Le 26 décembre 2023, la société bailleresse a fait délivrer a la locataire un commandement de payer visant la clause résolutoire du bail et les articles 7g et 24 de la loi du 6 juillet 1989, la mettant en demeure d’avoir à régler la somme principale de 2952,20 euros au titre des loyers échus et impayés au 21 décembre 2023.

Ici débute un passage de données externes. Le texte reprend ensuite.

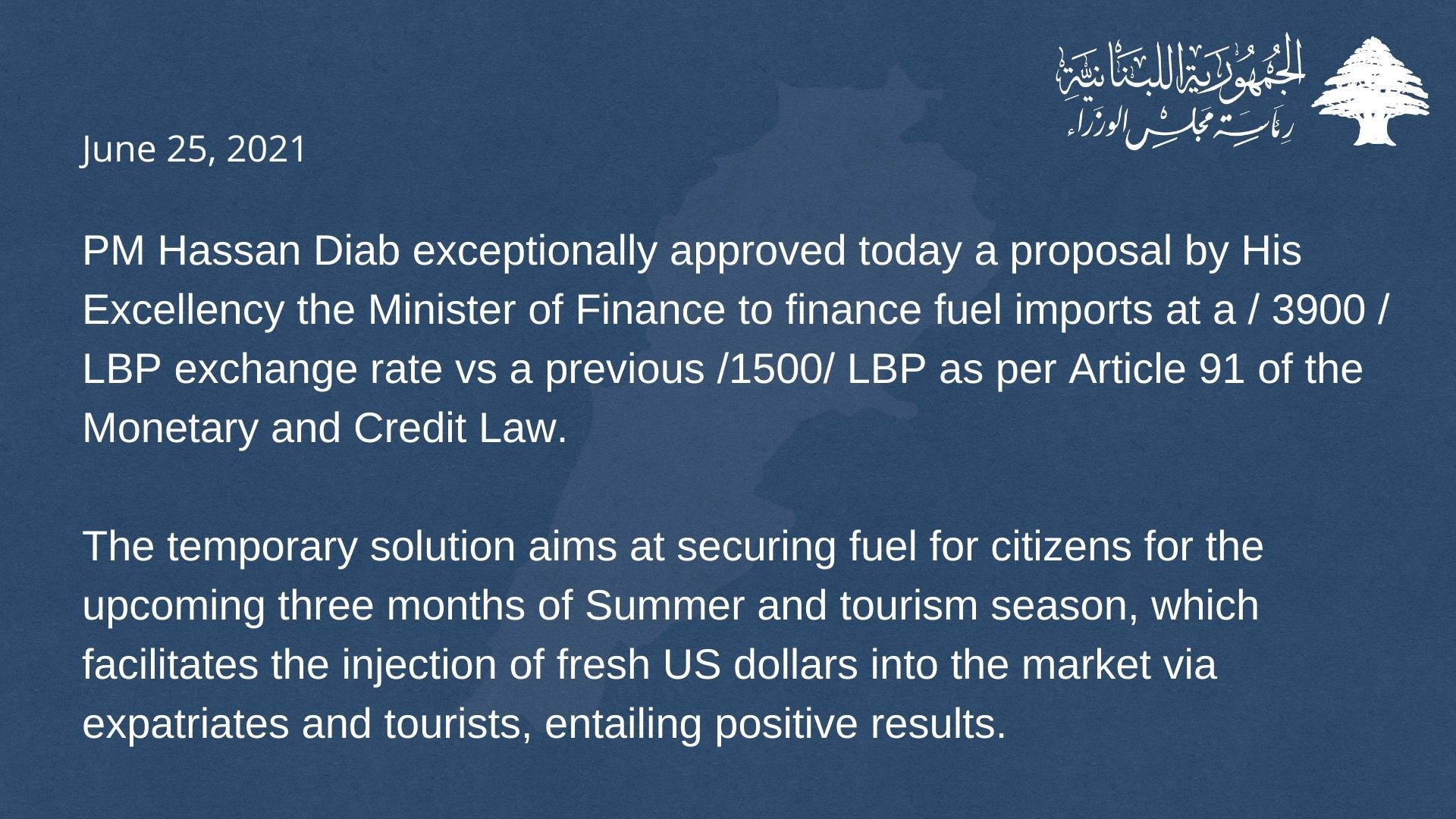 PM Hassan Diab exceptionally approved today a proposal by His Excellency the Minister of Finance to finance fuel imports at a / 3900 / LBP exchange...
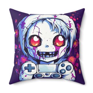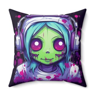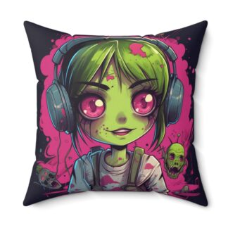 Zombie Gamer Girl Throw Pillow – Double-Sided Undead Gamer Chick Print with Concealed Zipper, Polyester Cover and Pillow
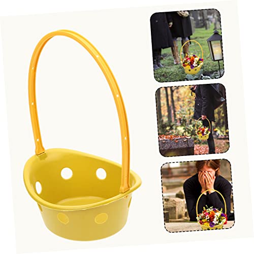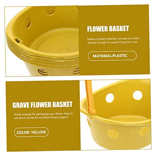 VICASKY Plastic Memorial Flower Basket Tote, 5pcs Yellow Chrysanthemum Arrangement Baskets
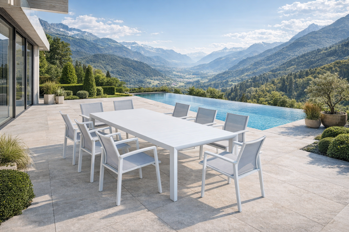 Il Tavolo Houston allungabile in alluminio rappresenta la soluzione ideale per chi desidera unire design moderno, funzionalità e resistenza in un unico complemento d’arredo per esterni. Pensato per giardini, terrazzi, verande e spazi outdoor di ogni dimensione, questo tavolo si distingue per la sua capacità di adattarsi con naturalezza a ogni occasione conviviale.
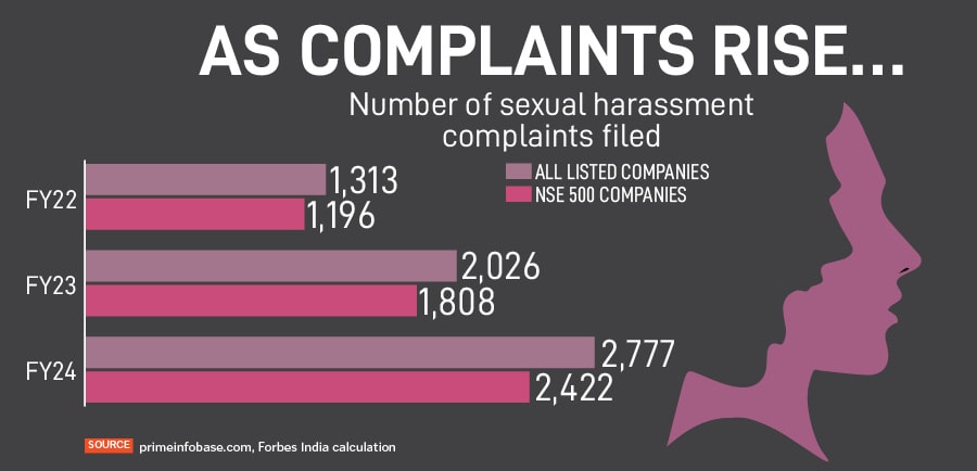While more employees are stepping forward to report sexual harassment, resolutions of these complaints are not keeping pace, leading to a significant increase in unresolved cases, according to a Forbes India analysis of data from primeinfobase.
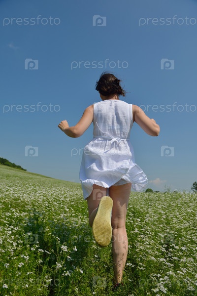 Молодая счастливая женщина на зеленом поле

Par acte de commissaire de justice en date du 22 mars 2024, notifié au représentant de l’Etat dans le département le 26 mars 2024, la SA ATLANTIQUE HABITATIONS a fait assigner Madame [L] [E] devant le juge des contentieux de la protection du tribunal judiciaire de NANTES, aux fins de :
— Constater à effet du 27 février 2024 la résiliation du bail et du contrat de stationnement en application de la clause résolutoire, ou à titre subsidiaire prononcer à compter du jugement à intervenir leur résiliation ;
— Ordonner en conséquence l’expulsion de Madame [L] [E], ainsi que de tous occupants de son chef, avec au besoin l’assistance de la force publique et d’un serrurier, selon les modalités et délais prévus par la loi ;
— Condamner Madame [L] [E] à lui payer la somme de 3366,71 euros correspondant aux loyers, charges et indemnités d’occupation échus et impayés au 13 mars 2024, à parfaire ou diminuer au jour de l’audience ;
— Condamner Madame [L] [E] à lui payer une indemnité d’occupation égale au montant des loyers et charges locatives, soit la somme mensuelle de 666,41 euros révisable dans les mêmes conditions que ledit loyer, et ce à compter du 27 février 2024, jusqu’à la libération complète des lieux ;
— Condamner Madame [L] [E] à lui payer la somme de 500 euros au titre de l’article 700 du Code de procédure civile, outre les entiers dépens qui comprendront notamment les frais de commandement et les frais de signification à partie du jugement à intervenir ;
— Dans l’hypothèse où des délais de paiement seraient accordés, condamner Madame [L] [E] à lui régler les loyers, charges et/ou indemnités d’occupation échus entre la date de l’audience et la date de signification du jugement à intervenir qui ne seraient pas réglés et préciser que les délais de paiement s’appliqueront non pas seulement au montant de l’arriéré de loyers, charges et/ou indemnités d’occupation au jour de l’audience mais bien au montant total de l’arriéré de loyers, charges et/ou indemnité d’occupation au jour de la signification du jugement ;
A l’audience du 26 septembre 2024, la SA ATLANTIQUE HABITATIONS, représentée son conseil, a réitéré les termes de son acte introductif d’instance. La SA ATLANTIQUE HABITATIONS a également actualisé sa créance à la somme de 3536,97 euros selon le décompte arrêté au 24 septembre 2024
Madame [L] [E], bien que régulièrement citée, n’a pas comparu et n’était pas représentée.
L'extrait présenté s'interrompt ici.